Bidaxsh of Gugark
- Reign: 470–482
- Predecessor: Arshusha II
- Successor: Arshusha III
- Died: 482
- Consort: Shushanik Unnamed daughter of Peroz I
- Issue: Arshusha III
- Dynasty: Mihranids
- Father: Arshusha II
- Mother: Anushvram Artsruni
- Religion: Christianity (before 470) Zoroastrianism (after 470)

= Varsken =

Mihranid prince

Varsken (Middle Persian: Vazgēn) was an Iranian prince from the Mihranid family of Gugark, who served as the bidaxsh (margrave) of the region from 470 to 482. He was the son and successor of Arshusha II.

Upon the death of his father, Varsken went to the Sasanian capital of Ctesiphon and was received by the shahanshah Peroz I, converting to the family's former religion, Zoroastrianism. As a reward for his conversion, he was given the viceroyalty of Caucasian Albania and a daughter of Peroz in marriage.

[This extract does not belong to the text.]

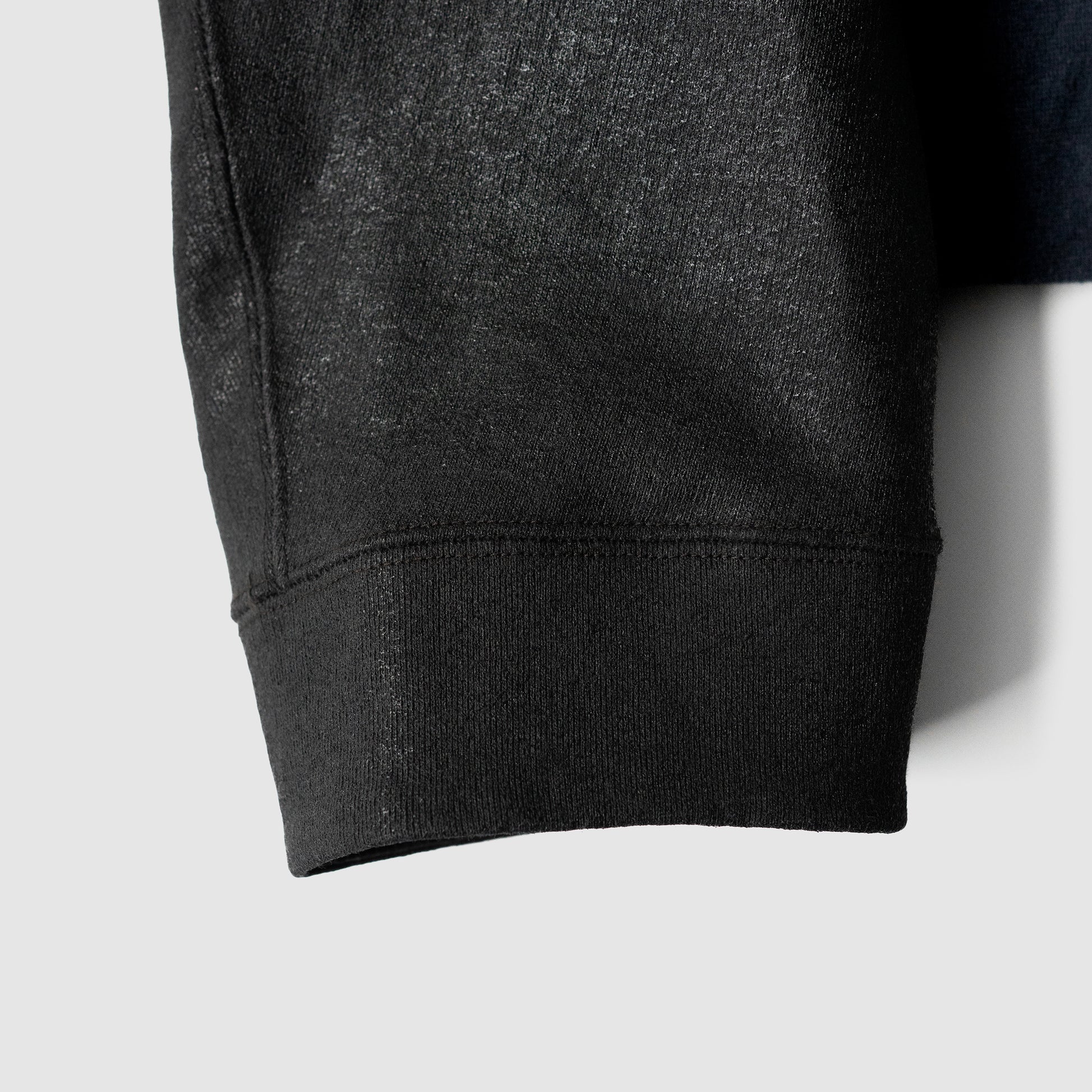 全面にレザーと見紛うような特殊なクラック加工を施した裏毛ZIPスウェット。

Espousing his pro-Iranian position, Varsken attempted to force his family to convert to Zoroastrianism, including his first wife Shushanik, which eventually resulted in her martyrdom, dying from the violence inflicted by her husband. His policies were unacceptable to the Iberian king Vakhtang I, who had him killed and then revolted against Iran in 482. Varsken was succeeded by Arshusha III.

== Biography ==

Map of the Caucasus

Varsken was the son of Arshusha II, who was the bidaxsh (margrave) of Gugark, a historical area in the Caucasus, which had originally been part of the Kingdom of Armenia, but fell under the authority of the Iberian kings after the Sasanians and Romans partitioned Armenia in 387. Not much earlier, the Iberian Kingdom had fallen under the authority of the Sasanians, who under Shapur II installed Aspacures II on the Iberian throne in 363.

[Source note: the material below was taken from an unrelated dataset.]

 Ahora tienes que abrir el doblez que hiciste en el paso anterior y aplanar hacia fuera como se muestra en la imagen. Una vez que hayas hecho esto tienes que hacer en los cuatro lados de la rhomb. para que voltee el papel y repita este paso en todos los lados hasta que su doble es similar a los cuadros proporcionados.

The family of Varsken—the Mihranids—had under Peroz established themselves as the bidaxshes of Gugark in c. 330, thus supplanting the previous Gusharid bidaxshes. Albeit the family claimed descent from the Persian Sasanian rulers of Iran, they were in reality a branch of the House of Mihran, one of the Seven Great Houses of Iran. Under Peroz the family abandoned its Zoroastrian beliefs in favour of Christianity. The Mihranids of Gugark enjoyed close relations with the Iberian kings (also of Mihranid descent), with whom they intermarried.

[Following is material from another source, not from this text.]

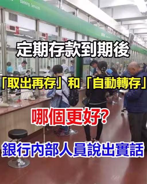 定期存款到期後,「取出再存」和「自動轉存」哪個更好!銀行內部人員說出實話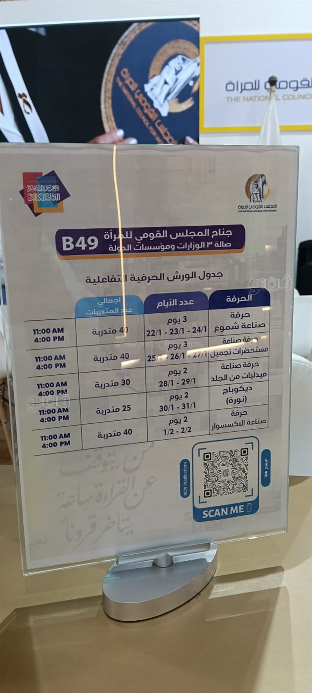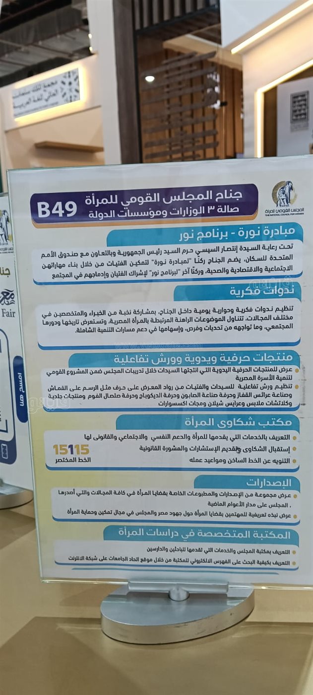 قدم المجلس القومي للمرأة عددا من الندوات التوعية وورش تفاعلية للسيدات ضمن فعاليات معرض القاهرة الدولي للكتاب بدورته الـ 57، وذلك بهدف التعبير عن أهمية المرأة ودورها بالمجتمع.

Varsken's mother was Anushvram Artsruni, an Armenian noblewomen from the Artsruni family, who was the sister-in-law of the Armenian military leader Hmayeak Mamikonian, himself brother of the Armenian rebel and martyr Vardan Mamikonian. Varsken's father, Arshusha II, was a hostage of the Sasanian court at Ctesiphon, and could not participate in the Christian Armenian rebellion in 451, led by Vardan Mamikonian. After the defeat of the Armenian rebels at Avarayr, Hmayeak Mamikonian was killed at Tao. Hmayeak's sons, Vahan Mamikonian, Vasak, Vard and Artaxias, were then taken hostage and sent to Ctesiphon, where they met Arshusha II. Arshusha was later able to buy his freedom back. He then freed the sons of Hmayeak, and took them back to Armenia with their mother. Later, Arshusha organized the wedding of his son Varsken with Shushanik, daughter of Vardan Mamikonian.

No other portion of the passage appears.